Skyhunter said:
So you are suggesting that by some mechanism, the ocean releases carbon and then reabsorbs it in a very short time.
The pet idea is this:
Every once and a while oceanic methane hydrate enters unstable conditions, with either water pressure dropping (tectonic uprising) or more like changing ocean currents bringing too warm water over the clathrate field.
If such an event is more massive and more prolongued then in the bubble stream the water is also forced up. You can observe that in the aquarium. This deeper water contains much more CO2 than the surface waters, it is brought there by putrifying of sinking biologic remains as bystander kindly pointed out.
Now as this water is forced up, the pressure drops and just like opening the soda bottle, the CO2 is forced out of solution, entering the atmosphere. That's how you can get a sudden CO2 spike. When this process stops, obviously the CO2 will drop again, readsorpted in the ocean and other sinks, until the original equilibrium has been restored. I'm a bit amazed how quick that went in those two events but there was an unbalance.

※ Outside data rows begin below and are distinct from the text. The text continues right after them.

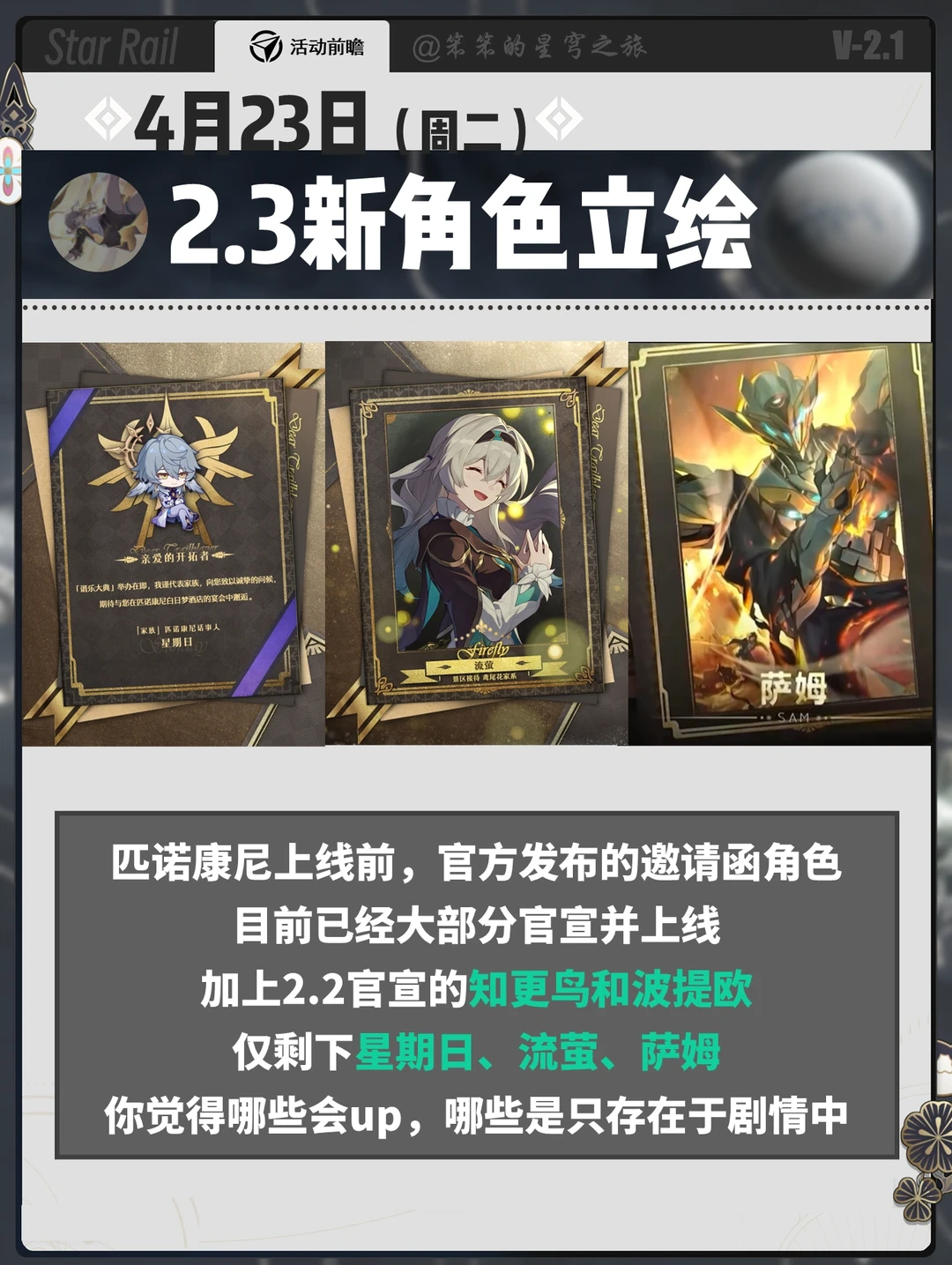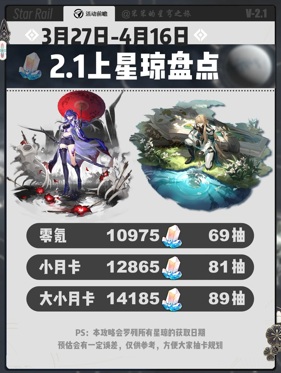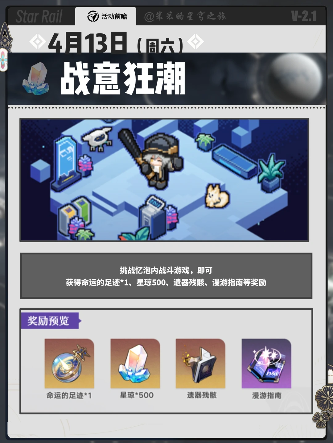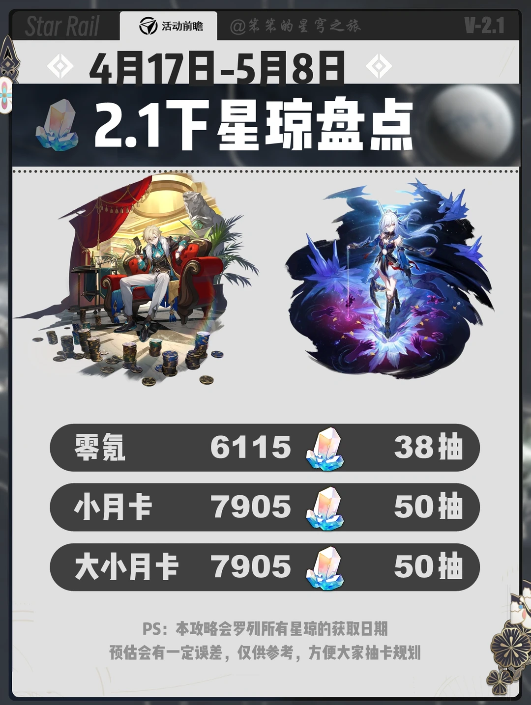 🐱大家好,我是笨笨 笨笨的崩铁4月活动日历来啦 ------------------------------ 💡几个注意事项如下: ①笨笨把3月底的2.1重点活动也放到了日历里面 方便大家查看近期的活动 ②周年庆活动盘点如下: 3月27日:签到20连启动 3月27日:全服参与开拓活动1000星琼 3月28日(最后一天):网页100星琼 4月10日:内圈遗器3倍 4月26日:周年庆邮件1600星琼 4月26日:外圈遗器3倍
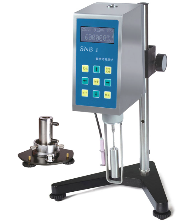The LCD screen of the SNB-1 digital display rotary viscometer can display viscosity, shear rate, shear stress, rotational speed, temperature, percentmeter torque, rotor number and the maximum viscosity value that can be measured at the current speed of the selected rotor. It is a digital rotary viscometer with a range of 20~600,000 mPa · seconds.
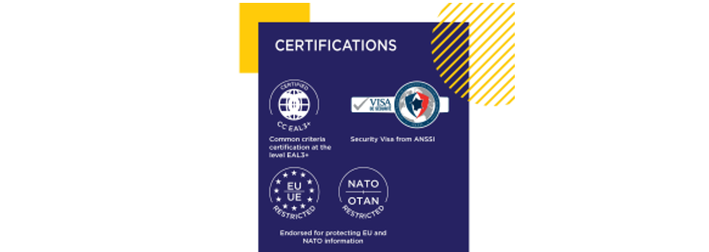 - Được chứng thực bởi Liên minh châu Âu để bảo vệ máy trạm và được các Bộ trong Chính phủ Pháp thông qua.
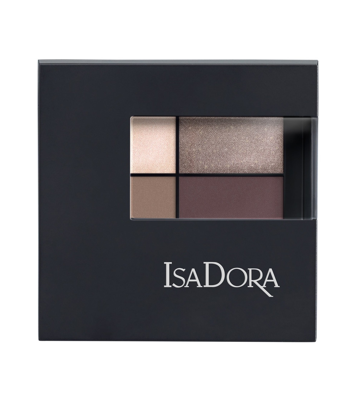 مجموعة ظلال العيون الرباعية من IsaDora المتجددة هي عبارة عن لوحة ظلال عيون صغيرة الحجم تحتوي على أربعة ألوان متكاملة. تمت إضافة مرآة إلى الحزمة. متوفر في ظلال غير لامعة ولامعة يسهل وضعها على طبقات ومزجها بسلاسة. تحتوي كل لوحة على أربعة ظلال متكاملة يمكن استخدامها لإنشاء مجموعة متنوعة من المظاهر، بالإضافة إلى فرشاة صغيرة.
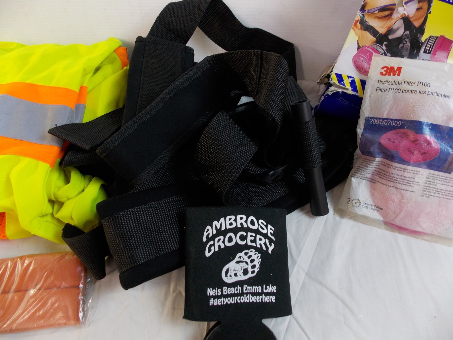 Silicone half mask, filter, hard hat, construction vest, misc
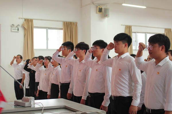 仪式开始,奏唱《国际歌》。奏毕,由党委组织委员容万韬同志宣读朱贤明等33位今年新发展党员名单。老党员给新党员佩戴党员徽章,在党旗下,党委组织委员容万韬同志带领新党员入党宣誓、正式党员重温入党誓词。
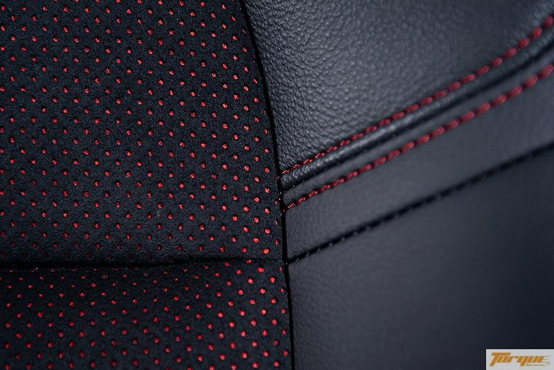 ด้านภายในเน้นความสปอร์ต ด้วยสไตล์การตกแต่งโทนสีดำ พร้อมการเลือกใช้วัสดุหนังกลับ และวัสดุหนังสังเคราะห์ ตกแต่งด้วยด้ายสีแดง ตลอดจนแป้นคันเร่ง และเบรกแบบสปอร์ต ตามด้วย “ออปชั่น” ที่แน่นหนาตามสไตล์ตัวท็อป เช่น ระบบสตาร์ทเครื่องยนต์ พร้อมเครื่องปรับอากาศด้วยกุญแจรีโมท (Remote Engine Start), ระบบสตาร์ทเครื่องยนต์แบบอัจฉริยะ (One Push Ignition System),
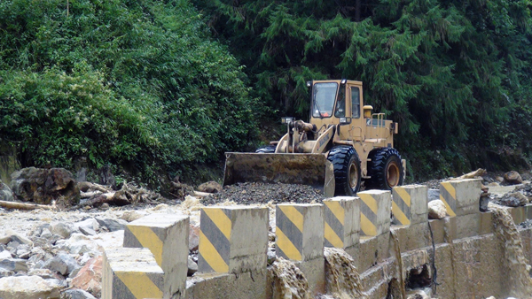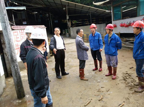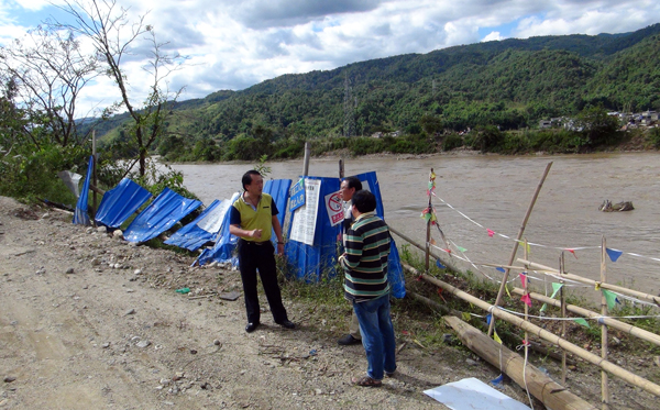 交通部门在受灾点查看灾情
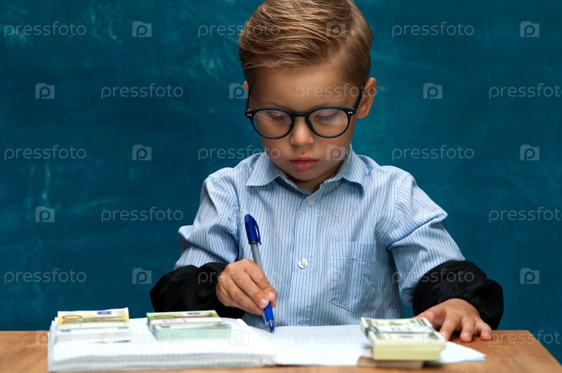 Маленький стильный мальчик с деньгами
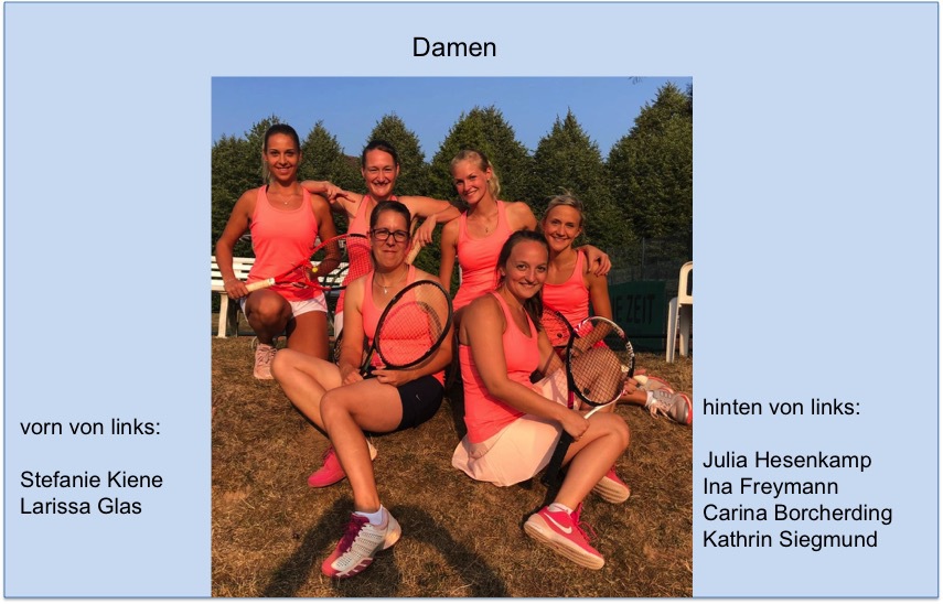 Unsere Damen-Mannschaft spielt bisher eine sehr gute Saison. Brilliant die Ergebnisse von Ina Freymann, Julia Hesenkamp, Carina Borcherding und Sabrina Herzog. Etwas schwerer zu kämpfen hatten Larissa Glas und Stefanie Kiene, leider nur einmal zum Einsatz kam Kathrin Siegmund. Die ersten 4 Begegnungen wurden deutlich gewonnen, einen kleinen Dämpfer gab es jüngst mit dem 3:3 zu Hause gegen Bückeburg. Aber beim HTV Hannover II, dem direkten Konkurrenten um den Aufstieg in die Verbandsliga, kann im Entscheidungsmatch dieser Gruppe am 18.08. durchaus noch das gesteckte Ziel erreicht werden. Wir drücken dafür die Daumen!
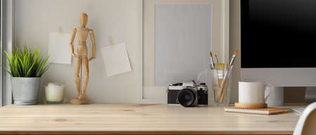 Close up view of study table with copy space, camera, books, stationery decorations in home office room
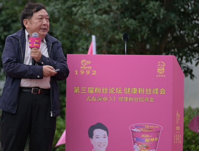 同时,他分享光友可持续经营模式,包括按五大标准、五大阶梯执行的管理模式,“拜访、理货” 等营销四化模式,及每日绩效考核机制。此外,提及光友酸辣粉、绵阳米粉获低 Gi 认证,产品畅销国内外,并计划与县乡村社合作建薯类加工企业、在 “一带一路” 布局智能制造,邀请嘉宾共享经营模式,携手推动健康粉丝产业发展。

Anyway, the models may need new parameters.
What does that have to do with AGW, and how is it relevant to this thread?
Those CO2 spikes were in the order of magnitude comparable to the termination of the glacial periods. Yet there was no 5-10-15 degrees of warming. Perhaps half a degree at best, looking at the global warming data. But this may have had another cause. As cold seawater in that hydrate event spreads over the ocean surface and pushes the original warmer surface waters to unusual places, the normal weather patterns will be disturbed; think of El Nino.
Consequently, since nothing serious happened, it proves that climate is much more stable than assumed and there will be little or no climate change due to CO2 spikes
Has there been such an event recently?
http://www.ukweatherworld.co.uk/forum/forums/thread-view.asp?tid=3254&posts=13 is such an event on a small scale.
Are you suggesting that the increase in CO2 in recent years is natural , and not the result of a significant anthropogenic contribution?
No, obviously, there has been a steady increase in the antropogenic CO2 emission added to the carbon cycle causing an unbalance unlike the spikes of the hydrate event. But in terms of climate this looks to be meaningless.
Why don't we move past this and onto the broader discussion about what can be done about it. As Evo posted earlier, ill thought out solutions can create unintended consequences.
Wise words and spot on. The world problems in two sentences: climate and indefinately sustainable energy. Both suggest a termination of fossil fuel use.
The first seems most acute and appears to call for immediate and strong action, which may result in maximum conversion attemps to natural renewable energy sources. However this could give a negative outcome, when the complete life cycle costs of those renewables exceeds the energy production. That would be surely ill thought out solutions creating unintended consequences.
But climate isn't an acute problem at all. The deadlines may or may not be set by peak oil or something giving us time to avoid ill thought out solutions.
Even if that time is shorter than we think, we cannot hold climate hostage for doing the right thing for the wrong course. Science should be based on finding the truth, not on supporting politics with convenient global warming theories.